As you said, this is _one_ of _many_ fixes.  But it should be pointed
out that "sed" is ignorant of the appropriate language constructs.
Thus a printf which is supposed to print the string constant
	"double slash (//) starts a C++ comment"
would be bashed into
	"double slash (
which would undoubtedly cause numerous syntax errors.

Any regular expression parser (like "sed") is limited to regular languages.
Even a push-down-automata (recognizing _context_free_languages_) is
insufficient.  The only correct "fix" is then a context *sensitive* language
recognizer, which is nearly as complex as a Turing Machine.  In other words,
somebody's gonna have to buckle down and write a "c++pp" (like Gnu apparently
has done).

Marshall

--
	________________________________________________________________
	Marshall P. Cline	ARPA:	cline@sun.soe.clarkson.edu
	ECE Department		UseNet:	uunet!sun.soe.clarkson.edu!cline
	Clarkson University	BitNet:	BH0W@CLUTX
	Potsdam, NY  13676	AT&T:	(315) 268-6591

jmm@eci386.uucp (John Macdonald) (05/26/89)

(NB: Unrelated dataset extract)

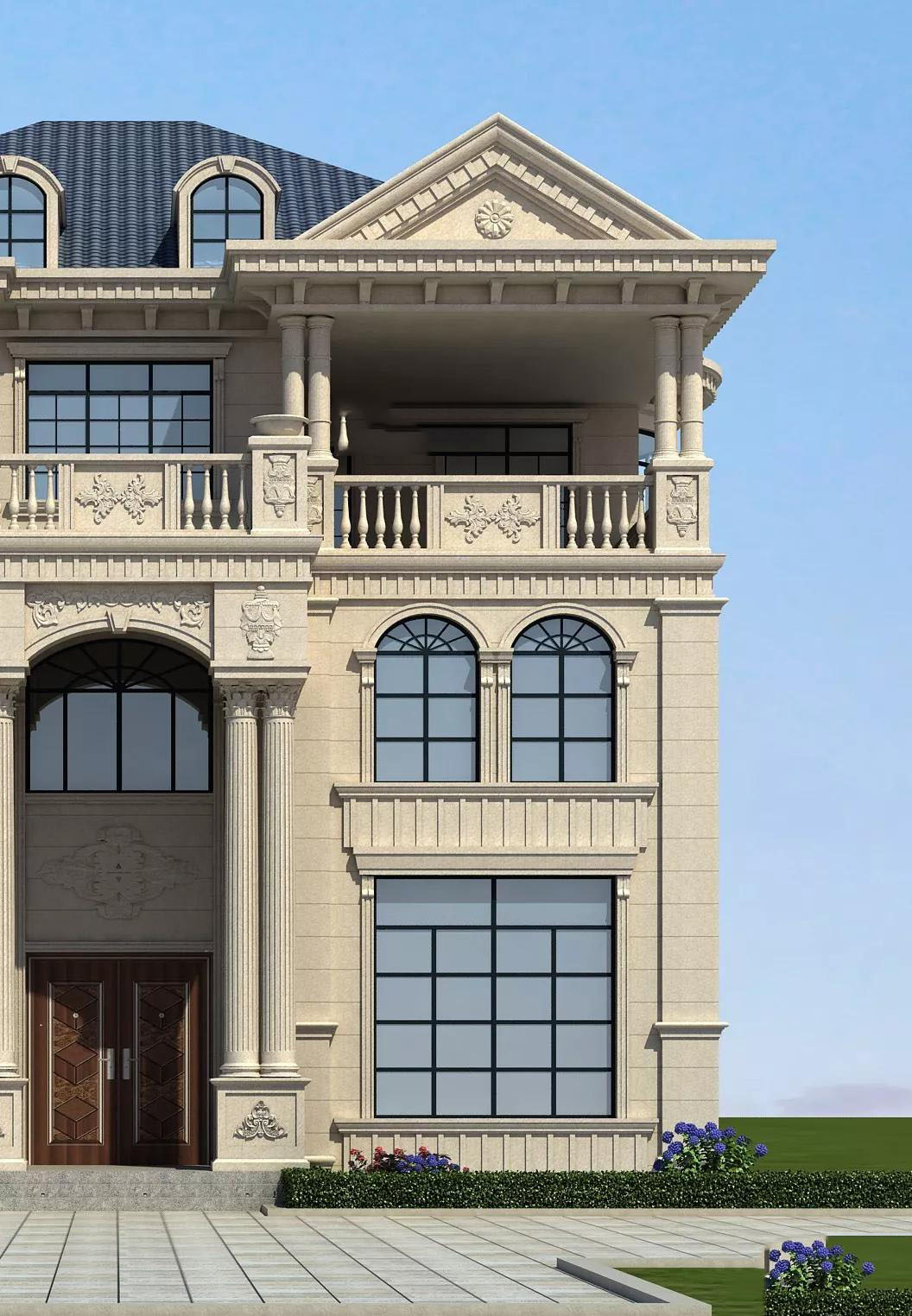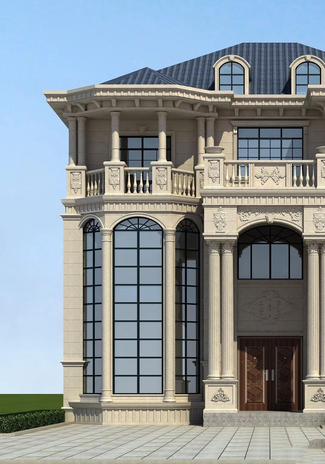 别墅屋顶是蓝色西班牙瓦,外墙主要是米黄色真石漆,大气的老虎窗,精致的山花,通透的八角落地窗,再搭配霸气的罗马柱,一眼就能看出别墅的“壕”。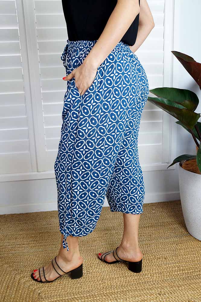 The 3/4 Links print pant, made from a comfortable crinkle rayon has elastic and drawstring around the bottom of the leg and around the waist which makes a great fit. One size to fit 10 up to size 16.

In article <7636@saturn.ucsc.edu> easterb@ucscb.UCSC.EDU (William K. Karwin) writes:
|In article <6957@brunix.UUCP> sdm@cs.brown.edu (Scott Meyers) writes:
|>Consider the following C++ source line:
|>
|>    //**********************
|>
|
|...         We think one way to solve it is to have in a makefile:
|
|.c.o:
|	@sed s/\\/\\/.\*// $< > $*.C
|	CC $(CFLAGS) -c $*.C
|	@/bin/rm -f $*.C

This will cause rare and therefore surprising problems whenever a program
has a string containing // (for example, generator programs for: ed scripts
(or any other generating programs that use pattern matches, sed, perl, ...);
JCL (did I really admit that I thought of that example?); checks for doubled
slashes in pathnames generated by concatenating a bunch of strings).